The Bismarck Archipelago (, ) is a group of islands off the northeastern coast of New Guinea in the western Pacific Ocean and is part of the Islands Region of Papua New Guinea. Its area is about 50,000 square km.

History
The first inhabitants of the archipelago arrived around 30,000–40,000 years ago. They may have traveled from New Guinea, by boat across the Bismarck Sea or via a temporary land bridge, created by an uplift in the Earth's crust. Later arrivals included the Lapita people.

The first European to visit these islands was Dutch explorer Willem Schouten in 1616. The islands remained unsettled by western Europeans until they were annexed as part of the German protectorate of German New Guinea in 1884. The area was named in honour of the Chancellor Otto von Bismarck.

On 13 March 1888, a volcano erupted on Ritter Island causing a megatsunami.
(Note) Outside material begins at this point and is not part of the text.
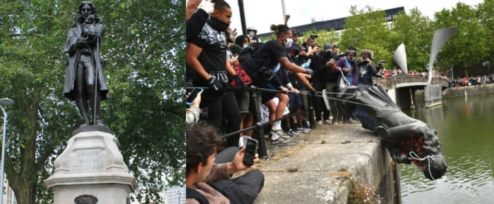 上周日,布里斯托的示威者将当地一名奴隶贩(slave trader)的雕像拽倒并扔进河中,引发了英国各地对城市雕像人物背景的关注。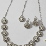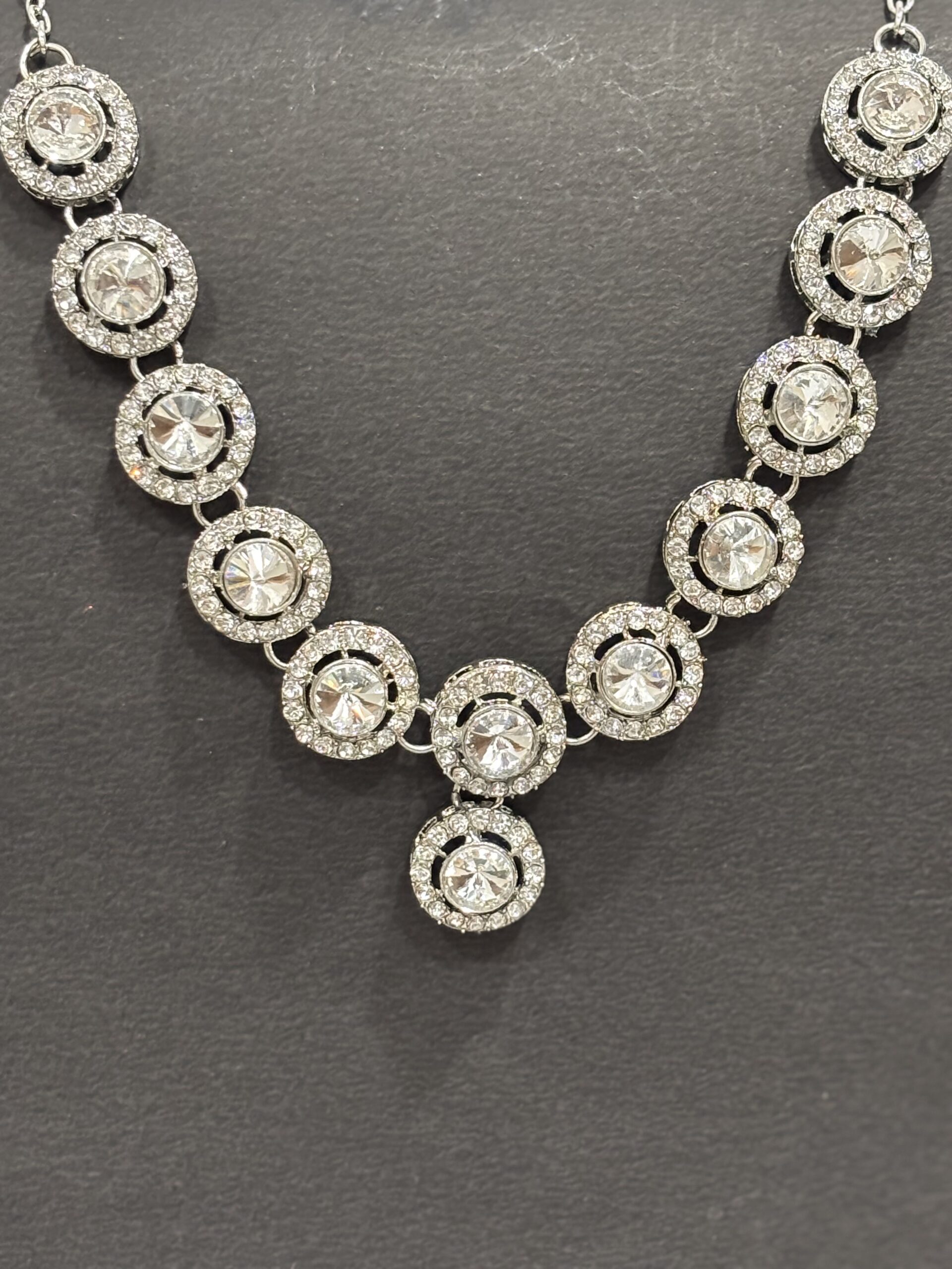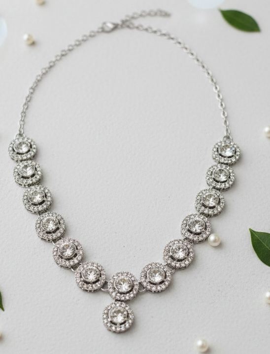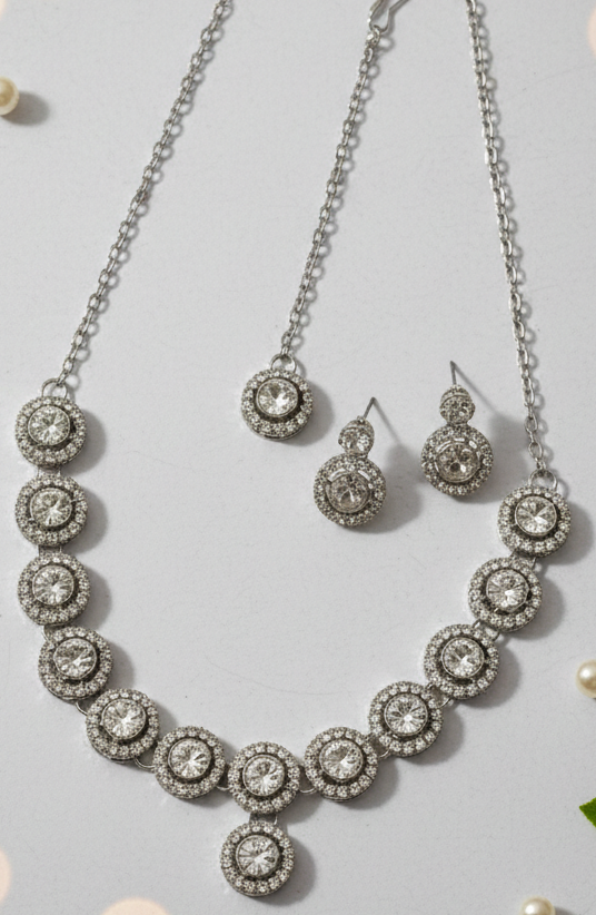 Luminous Elegance in Every Facet Step into the spotlight with this stunning three-piece jewellery set, a celebration of light and traditional artistry. This set features a sequence of brilliant-cut circular stones, each meticulously framed by a shimmering halo of smaller accent gems, creating a radiant glow that mimics the vintage charm of fine Polki diamonds.

Almost the entire volcano fell into the ocean, leaving a small crater lake.

Following the outbreak of World War I, the Australian Naval and Military Expeditionary Force seized the islands in 1914 and Australia later received a League of Nations mandate for the islands. They remained under Australian administration—interrupted only by Japanese occupation during World War II—until Papua New Guinea became independent in September 1975.

Geography
The Bismarck Archipelago includes mostly volcanic islands with a total land area of . The archipelago encompasses the Bismarck Sea and sits upon the North Bismarck Plate, the Manus Plate and the South Bismarck Plate.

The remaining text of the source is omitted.